**Records for processing**
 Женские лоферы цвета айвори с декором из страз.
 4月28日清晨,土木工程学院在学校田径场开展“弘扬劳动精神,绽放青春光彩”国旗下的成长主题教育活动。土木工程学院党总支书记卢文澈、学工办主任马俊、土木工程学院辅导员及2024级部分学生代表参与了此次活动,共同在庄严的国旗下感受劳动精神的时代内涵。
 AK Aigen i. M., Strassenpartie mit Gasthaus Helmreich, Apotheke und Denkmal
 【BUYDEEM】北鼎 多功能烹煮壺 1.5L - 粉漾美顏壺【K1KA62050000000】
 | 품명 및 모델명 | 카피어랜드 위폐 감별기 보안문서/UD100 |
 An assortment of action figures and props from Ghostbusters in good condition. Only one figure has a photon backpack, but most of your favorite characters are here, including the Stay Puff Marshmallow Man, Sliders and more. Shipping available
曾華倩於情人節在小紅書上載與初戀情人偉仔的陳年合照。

==

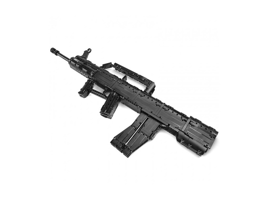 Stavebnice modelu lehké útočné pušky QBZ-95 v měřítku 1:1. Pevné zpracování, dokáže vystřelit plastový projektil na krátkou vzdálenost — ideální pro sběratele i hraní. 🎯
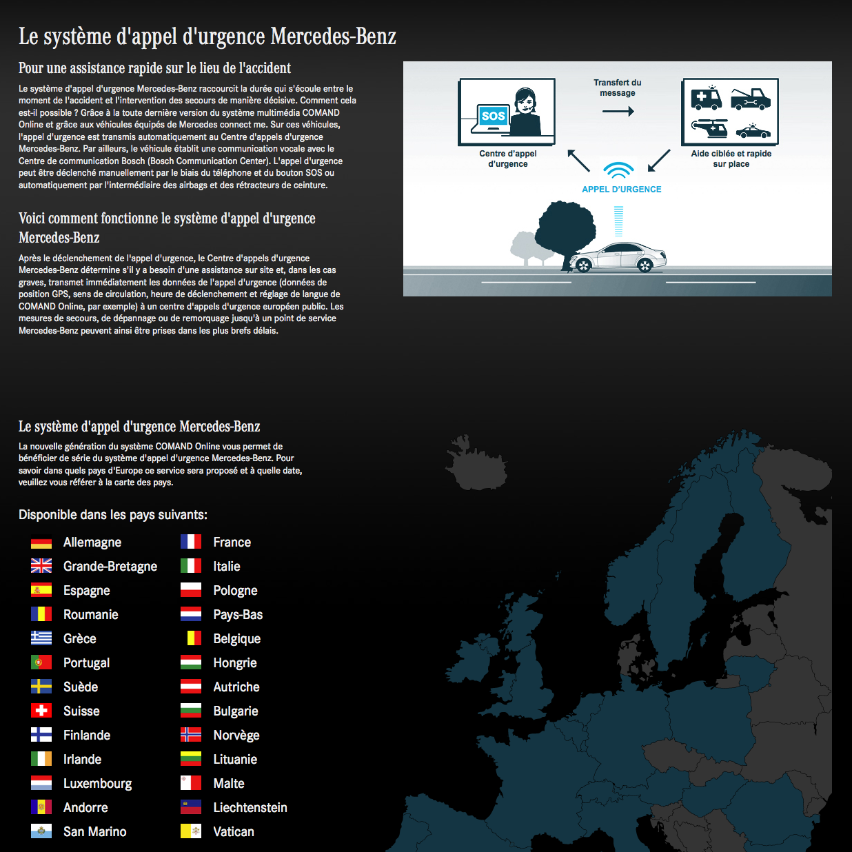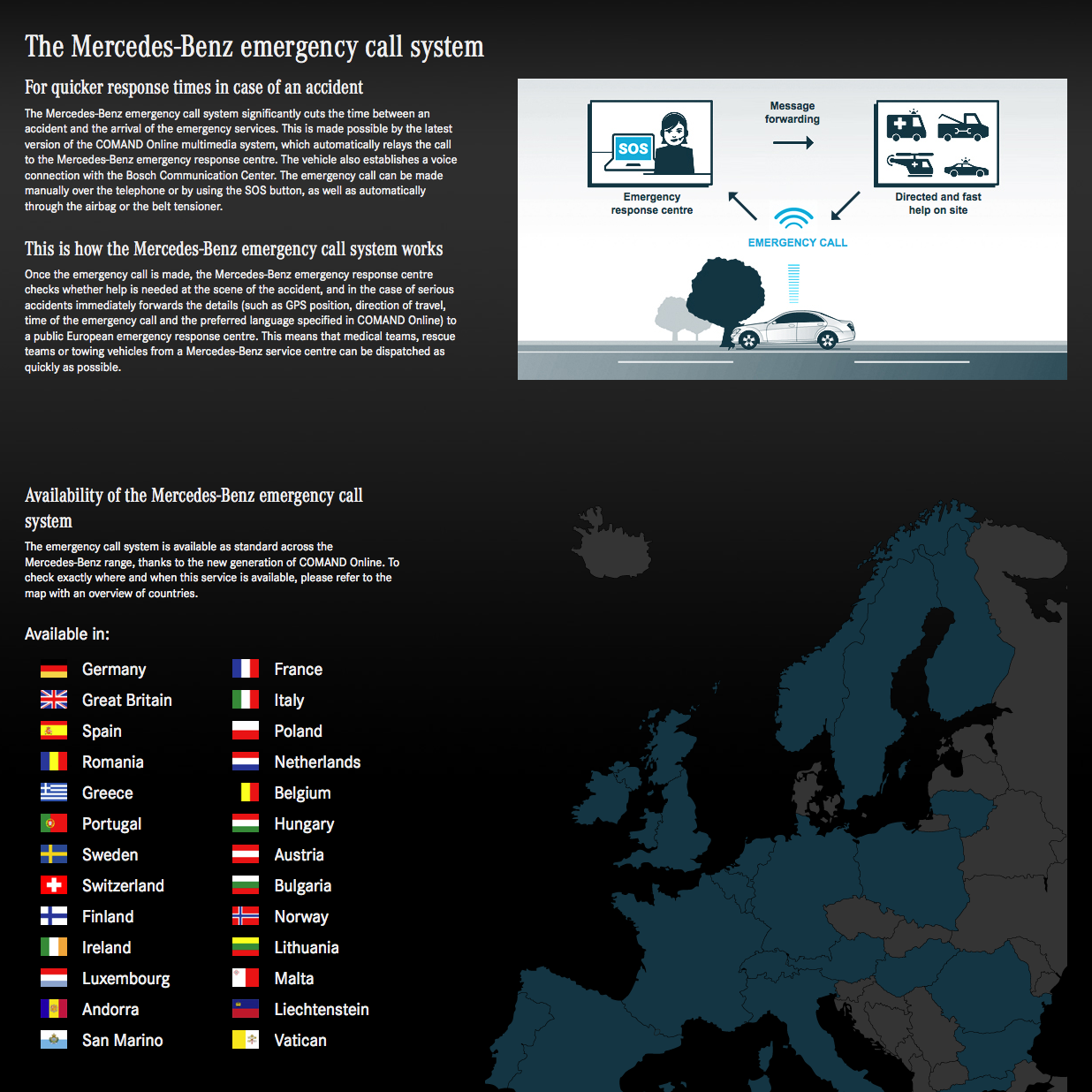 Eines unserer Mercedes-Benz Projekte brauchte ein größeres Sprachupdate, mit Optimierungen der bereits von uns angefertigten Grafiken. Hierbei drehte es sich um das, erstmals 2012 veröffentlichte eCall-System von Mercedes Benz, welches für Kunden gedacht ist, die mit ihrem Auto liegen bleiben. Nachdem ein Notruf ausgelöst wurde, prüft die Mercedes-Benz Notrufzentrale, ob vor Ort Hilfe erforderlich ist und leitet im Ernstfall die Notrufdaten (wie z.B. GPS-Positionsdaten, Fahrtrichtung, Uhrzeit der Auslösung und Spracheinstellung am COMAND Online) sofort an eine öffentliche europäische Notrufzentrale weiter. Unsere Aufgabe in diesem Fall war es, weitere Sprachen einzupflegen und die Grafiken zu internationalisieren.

...

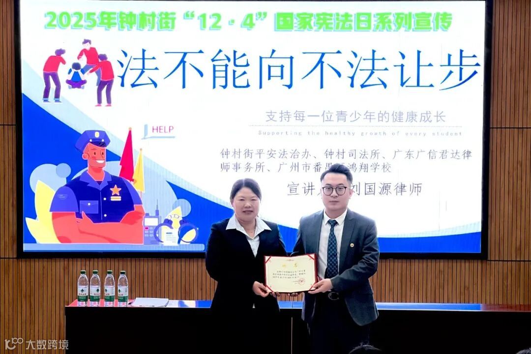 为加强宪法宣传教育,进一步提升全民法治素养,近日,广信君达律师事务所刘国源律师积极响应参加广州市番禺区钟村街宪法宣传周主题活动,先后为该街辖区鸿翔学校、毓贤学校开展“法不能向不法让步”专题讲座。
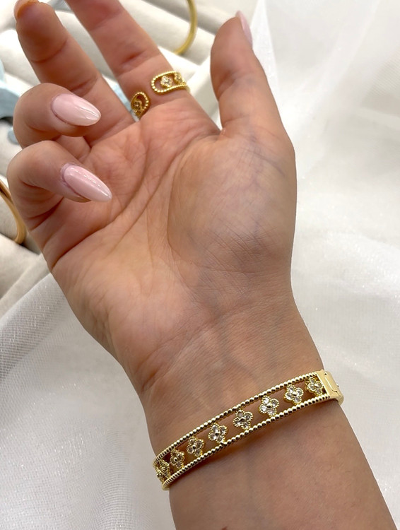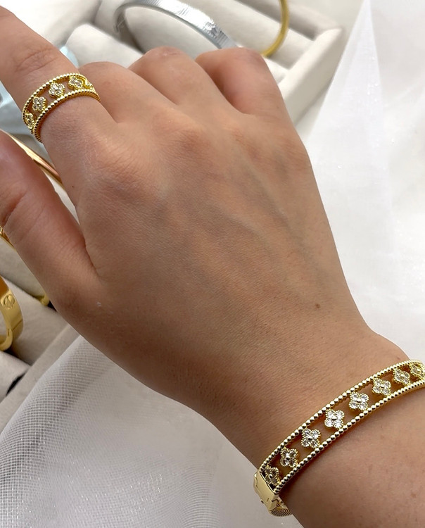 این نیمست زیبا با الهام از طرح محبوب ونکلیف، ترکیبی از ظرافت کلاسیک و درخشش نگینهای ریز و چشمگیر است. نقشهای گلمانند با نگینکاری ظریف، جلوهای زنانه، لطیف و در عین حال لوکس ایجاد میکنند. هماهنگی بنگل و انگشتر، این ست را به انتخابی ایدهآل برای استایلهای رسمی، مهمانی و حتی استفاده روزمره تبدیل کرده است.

**Your task**
Lines wanted from the listing above: the line with "1.5L - 粉漾美顏壺【K1KA62050000000】" up to and including the line with "曾華倩於情人節在小紅書上載與初戀情人偉仔的陳年合照。". Please write them out exactly, adding nothing else.

**Response**
 【BUYDEEM】北鼎 多功能烹煮壺 1.5L - 粉漾美顏壺【K1KA62050000000】
 | 품명 및 모델명 | 카피어랜드 위폐 감별기 보안문서/UD100 |
 An assortment of action figures and props from Ghostbusters in good condition. Only one figure has a photon backpack, but most of your favorite characters are here, including the Stay Puff Marshmallow Man, Sliders and more. Shipping available
曾華倩於情人節在小紅書上載與初戀情人偉仔的陳年合照。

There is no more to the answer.